Раф только тяжело вздохнул:
– И слушать некому. Невестой царской стала Марья Милославская. Морозов одолел. Государевой радости в женитьбе учинил помешку. Хотя пожалован был честью и приближеньем больше всех. Поставил это ни во что. Себя лишь богатил. При царской милости, кроме себя, не видел никого. Да что уже теперь? Всё кончено.
– Где мы?
– спросила слабым голосом недавняя невеста государева.

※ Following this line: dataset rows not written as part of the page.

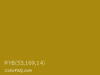 RYB 53,169,14 Color is a normal yellow color and the nearest color is Dark Yellow #9b870c. Hex code #a98a0e and RGB value is rgb(169,138,14). In RGB color space, this color is composed of 66% red, 54% green, 5% blue, In CMYK color space, this color is composed of 0% cyan, 18% magenta, 92% yellow , 34% black , In HSL color space, this color has a hue angle of 48° , 85% saturation and 36% lightness.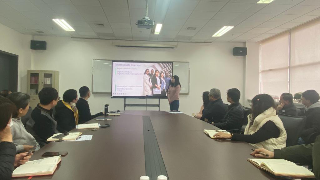 交流中,董妍妍老师首先介绍了访学院校的优质资源与学术氛围。随后,董老师重点分享了课程旁听的核心收获。访学期间,她系统旁听了秋季与春季两个学期的多门核心课程,涵盖语言教学、应用语言学、学术研究方法等多个领域。董老师特别提到,课程中涉及的《牛津英语词典》收录的“add oil(加油)”“guanxi(关系)”等中国特色英语表达案例,让她直接感受到中国语言文化在国际舞台上的影响力,也为跨文化语言教学提供了生动素材。此外,《阅读与写作教学》《教材与课程设计》《实践者研究与发展》等课程,从教学方法创新、课程体系构建、教师专业发展等维度,为她带来了兼具理论深度与实践价值的启发。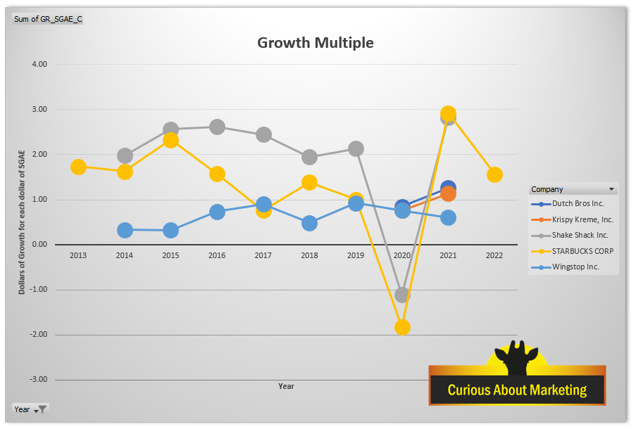 Again the pandemic warps Starbucks and Shake Shack’s numbers, and makes the chart a bit hard to read. Dutch Brothers performs slightly better than Krispy Kreme, and both are getting more than a dollar of growth back for every dollar spent. Note: I have removed non-cash executive compensation from the SGA expense numbers for all companies – which had the biggest effect on Dutch Brothers.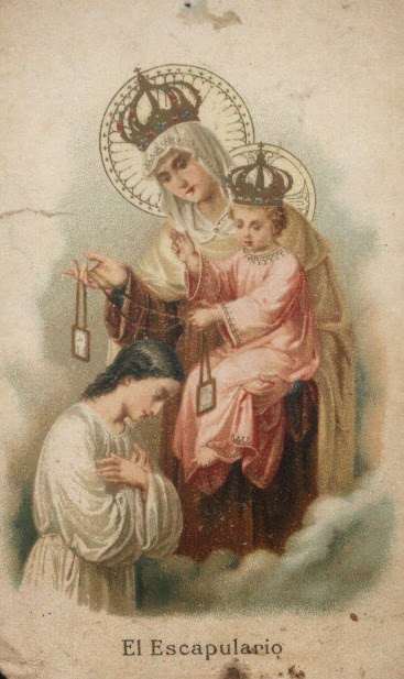 «Recibe, hijo querido, este Escapulario de tu Orden como signo distintivo de mi confraternidad y privilegio que yo he obtenido para ti y para todos los hijos del Carmelo. Quien muriese revestido de este hábito será preservado de los fuegos eternos del infierno. Esta es señal de salvación, defensa en los peligros, confederación de paz y pacto sempiterno»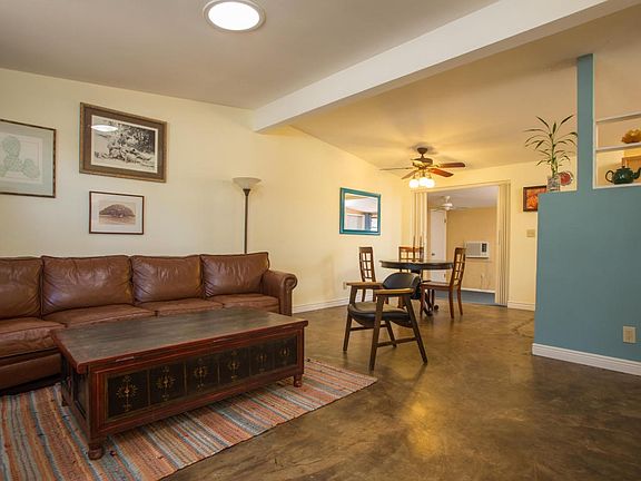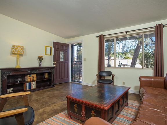 Hard to find, well-maintained 4 bedrm, 2 bth, many multiple use rms (See Floorpan) & separate finished shed, w/large 2 car carport & newer 6ft wood fence surrounding-great for pets. AC & gas heat. Many recent upgrades: stained concrete flrs, newer carpets, energy saving Low-E dual pane windows throughout & recently recoated white roof w/transferable warranty. 2 new bths w/lots of storage + new kitchen w/stainless pullouts in all bottom cabinets, double oven & new side by side fridge w/bottom freezer-great for cooks. All new plumbing, electrical-with GFCI outlets & new gas line & a new large energy efficient water heater. Laundry rm is set up for grey watering. Low maintenance, xeriscape front yard. Large backyard w/ mature desert trees & blooming fruit trees. A great eastside oasis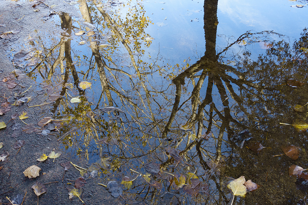 J'aime ce genre de photo. Le reflet de l'arbre sans feuilles avec les feuilles au sol. Mon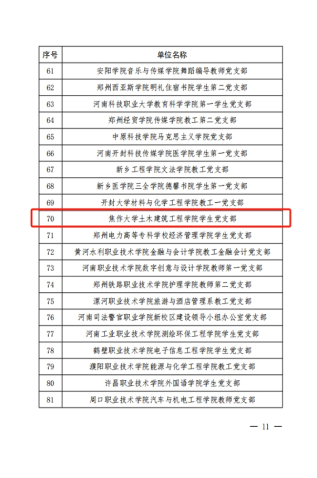 土木建筑工程學(xué)院學(xué)生黨支部是繼經(jīng)濟(jì)管理學(xué)院教工黨支部、機(jī)電工程學(xué)院教工黨支部和會(huì)計(jì)學(xué)院教工黨支部之后,是該校獲得的第四個(gè)“省級(jí)樣板黨支部”。校黨委將繼續(xù)推進(jìn)黨建與業(yè)務(wù)的深度融合,圍繞學(xué)校中心工作抓黨建,以高質(zhì)量黨建引領(lǐng)學(xué)校各項(xiàng)事業(yè)高質(zhì)量發(fā)展。(焦作大學(xué)供稿)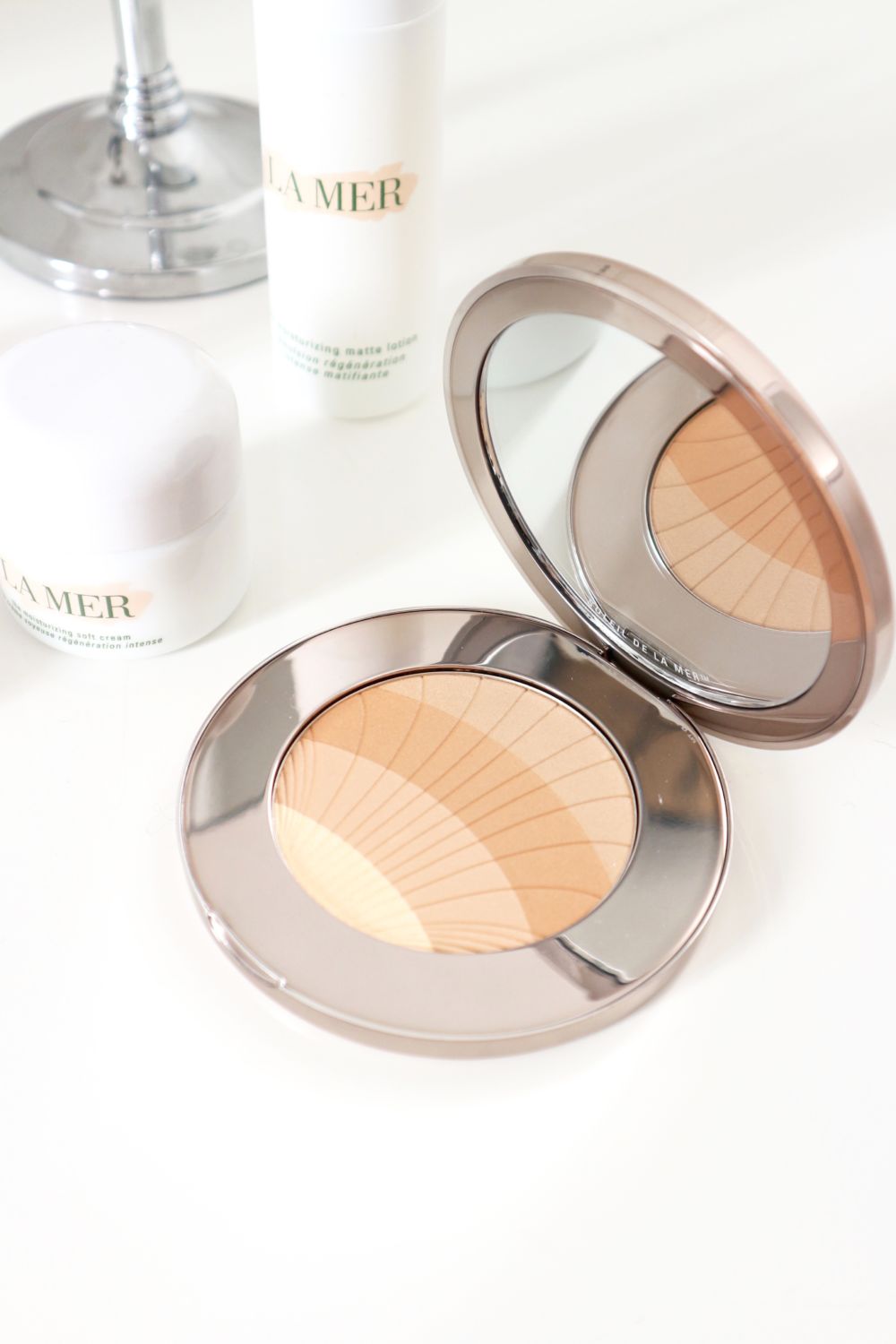 Un peu plus tard, j’ai eu la chance de découvrir via, La Mer, trois autres produits : La Crème Soyeuse Génération Intense, L’Emulsion Régénération Intense Matifiante et La Poudre Bronzante. J’ai d’abord commencé à tester la crème. J’avais entendu parlé par toutes les journalistes de la précieuse Crème de La Mer alors quand j’ai eu dans mes mains ce pot, j’ai eu l’impression de tenir une pépite. Pourquoi tant de bruit autour de ce soin ?  Tout simplement parce qu’il marche et fabuleusement bien. Inspiré par les pouvoirs de guérison de la mer, le Dr Max Huber, physicien et fondateur de La Mer, se lança dans une quête personnelle pour transformer l’apparence de sa peau, brûlée lors d’une expérience de laboratoire. Maîtrisant l’art de la bio-fermentation, il fût l’un des premiers à utiliser des algues marines dans un soin pour le visage. Il lui fallut 12 années et 6000 expériences pour inventer l’iconique Crème de la Mer. Résultat, sa peau en fût visiblement transformée. Grâce aux algues du Pacifique, aux vitamines, aux minéraux, aux huiles essentielles d’agrumes, à l’eucalyptus, aux germes de blé, de luzerne et de tournesol, le Miracle Broth™ est né et vous pouvez le trouver dans chaque crème de la maison.

– Мы в подмосковной боярина Туленина Евстрата. Ему Морозов поручил нас под надзор, пока не увезут…
– Куда?
И тут из сводчатой двери просунулась седая борода:
– Раф!.. Фёдор!.. Простись с дочкой. Выдь.
– Зачем, Евстрат?
– поднялся Всеволожский.
– Тут… за тобой… два пристава, - свистящим шёпотом вещала борода.
– Верхнее дело государево сегодня на тебя заведено. Зачем допрежь клятвенно обманул, будто дочь здорова? Зачем нанёс поруху делу царскому?
– Я… клятвенно… обманул?
– бормотал Всеволожский, неведомой силой влекомый в дверную пасть.
– Отец!
– пронзил происходящее крик Евфимии. И сызнова она лишилась чувств.

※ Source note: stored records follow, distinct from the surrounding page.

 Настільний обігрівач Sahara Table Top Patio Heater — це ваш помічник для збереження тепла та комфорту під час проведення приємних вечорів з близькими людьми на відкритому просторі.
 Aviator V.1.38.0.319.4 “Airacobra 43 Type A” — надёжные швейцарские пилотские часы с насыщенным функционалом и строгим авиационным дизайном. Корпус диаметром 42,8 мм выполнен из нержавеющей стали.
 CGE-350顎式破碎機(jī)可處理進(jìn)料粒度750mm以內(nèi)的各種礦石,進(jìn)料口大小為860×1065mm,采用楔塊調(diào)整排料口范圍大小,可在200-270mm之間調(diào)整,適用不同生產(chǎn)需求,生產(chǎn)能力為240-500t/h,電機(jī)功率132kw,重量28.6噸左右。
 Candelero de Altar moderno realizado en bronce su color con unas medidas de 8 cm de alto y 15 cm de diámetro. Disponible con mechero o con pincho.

…Очнулась, тормошимая старухой, по виду знахаркой. Та долго пришёптывала несуразицу, потом произнесла басом:
– Что, обручилась с горем?
– Горе лютое со мною обручилося, - ответила отвергнутая.
Старуха напрягла лик, как бы преобразясь.
– Не узнаёшь, Офимия Всеволожа? Порушенная невеста дрогнула:
– Агафоклия?
– Не всё ещё мы там с тобою довершили, - прошамкала старуха и, уложив деву поудобнее, тихонько попеняла: - Не верила в паломничество душ!..
Потом Евфимия услышала знакомый шёпот:
– Ходит сон по сенюшкам, дрёма по новым. Сон, что лучше отца с матушкой, сон, что Смерти брат…
7
– Приложи к губам зерцало, -
– Зачем зерцало?
– возражала Агафоклия.
– Запястье щупаю. Жизнь есть!
Евфимия с трудом пошевелила веками.
– Ну что, сестрица, ожила ли?
– спросила Агафоклия.
– Нет, плохо оживается, - едва откликнулась боярышня.
– Уф, груз с души!
– припала к подопечной амма Гнева.
– Не чаяла услышать голос твой, Офимьюшка.
Дебелая девчища, окончив ведовство, упала задом на сундук.
– Увяла силушка. Ни стать, ни сесть…
Отпаивали пробуждённую усердно каким-то чёрным взваром. Немощь быстро уходила. Часу не прошло, Евфимия сидела за столом.
– Поведай, что узрела, - устало попросила Агафоклия.
– Тебя узрела, - улыбнулась возвращённая из будущего.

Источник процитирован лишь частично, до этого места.